**Your task:** Entries below include pictures. Output exactly the lines from the one with "1954 Canada $50" down to the one with "將探針B或C從源極焊盤中心向", both ends included, and leave the pictures out.

**Entries supplied:**

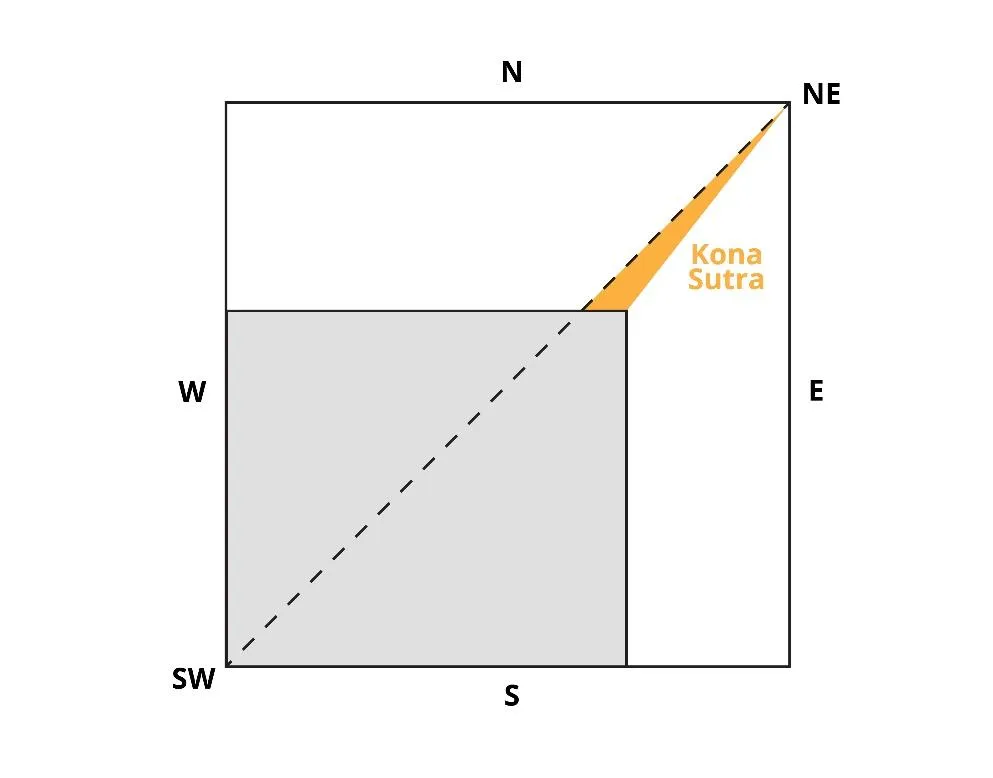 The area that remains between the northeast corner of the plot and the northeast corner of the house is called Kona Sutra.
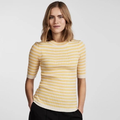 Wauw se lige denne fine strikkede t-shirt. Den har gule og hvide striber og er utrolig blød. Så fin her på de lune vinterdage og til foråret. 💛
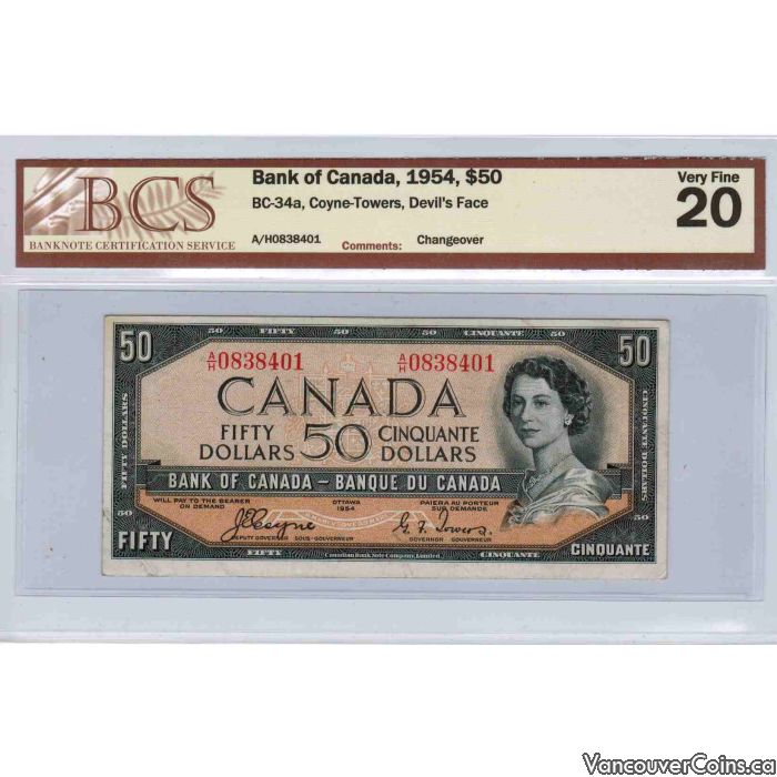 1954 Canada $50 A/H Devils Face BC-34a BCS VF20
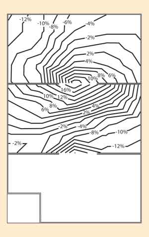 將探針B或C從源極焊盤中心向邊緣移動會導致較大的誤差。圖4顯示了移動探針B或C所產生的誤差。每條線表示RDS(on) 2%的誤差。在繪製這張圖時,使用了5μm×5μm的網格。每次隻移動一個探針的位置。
* * *
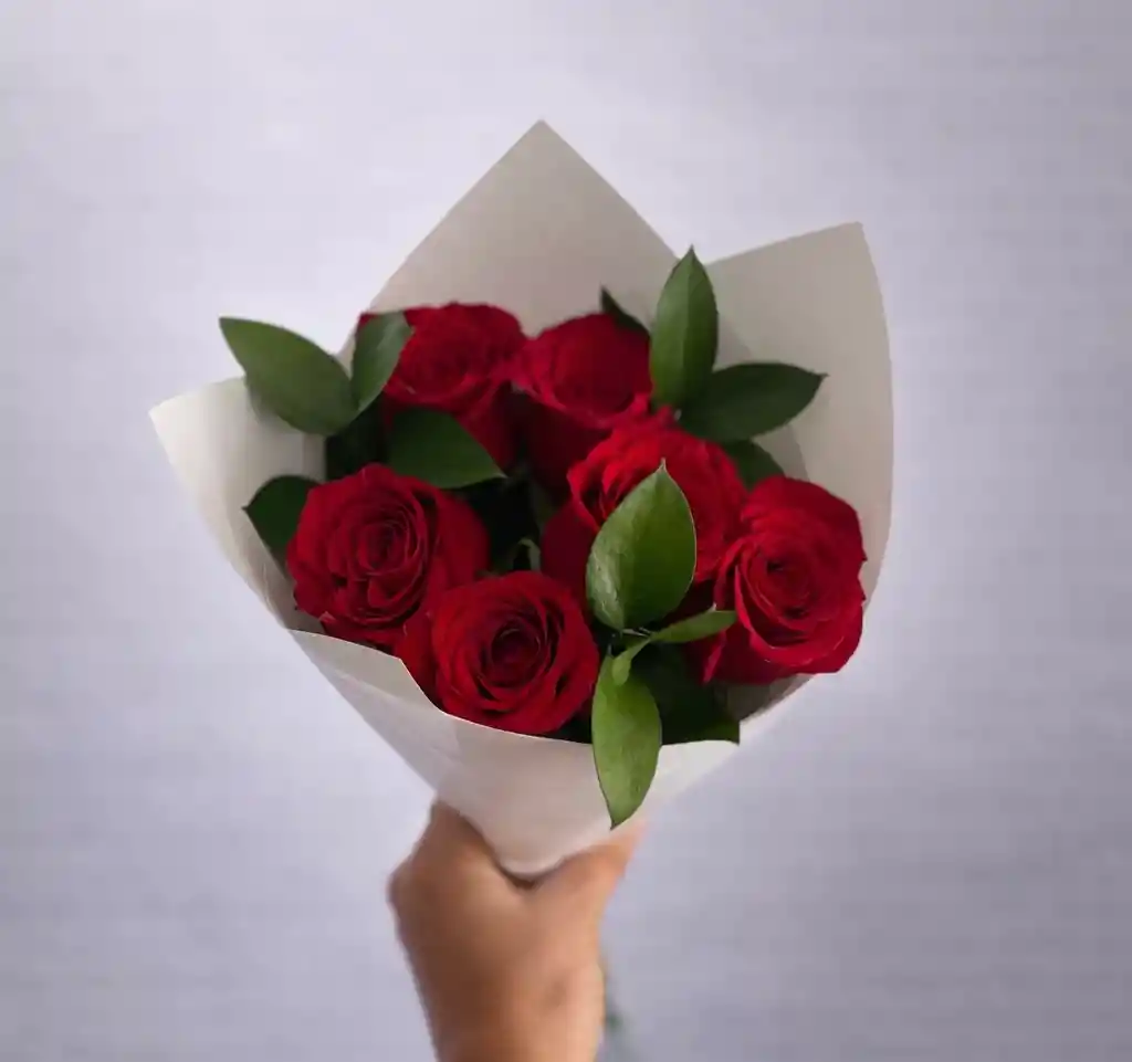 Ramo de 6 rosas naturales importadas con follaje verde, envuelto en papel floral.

**Task answer:**
 1954 Canada $50 A/H Devils Face BC-34a BCS VF20
 將探針B或C從源極焊盤中心向邊緣移動會導致較大的誤差。圖4顯示了移動探針B或C所產生的誤差。每條線表示RDS(on) 2%的誤差。在繪製這張圖時,使用了5μm×5μm的網格。每次隻移動一個探針的位置。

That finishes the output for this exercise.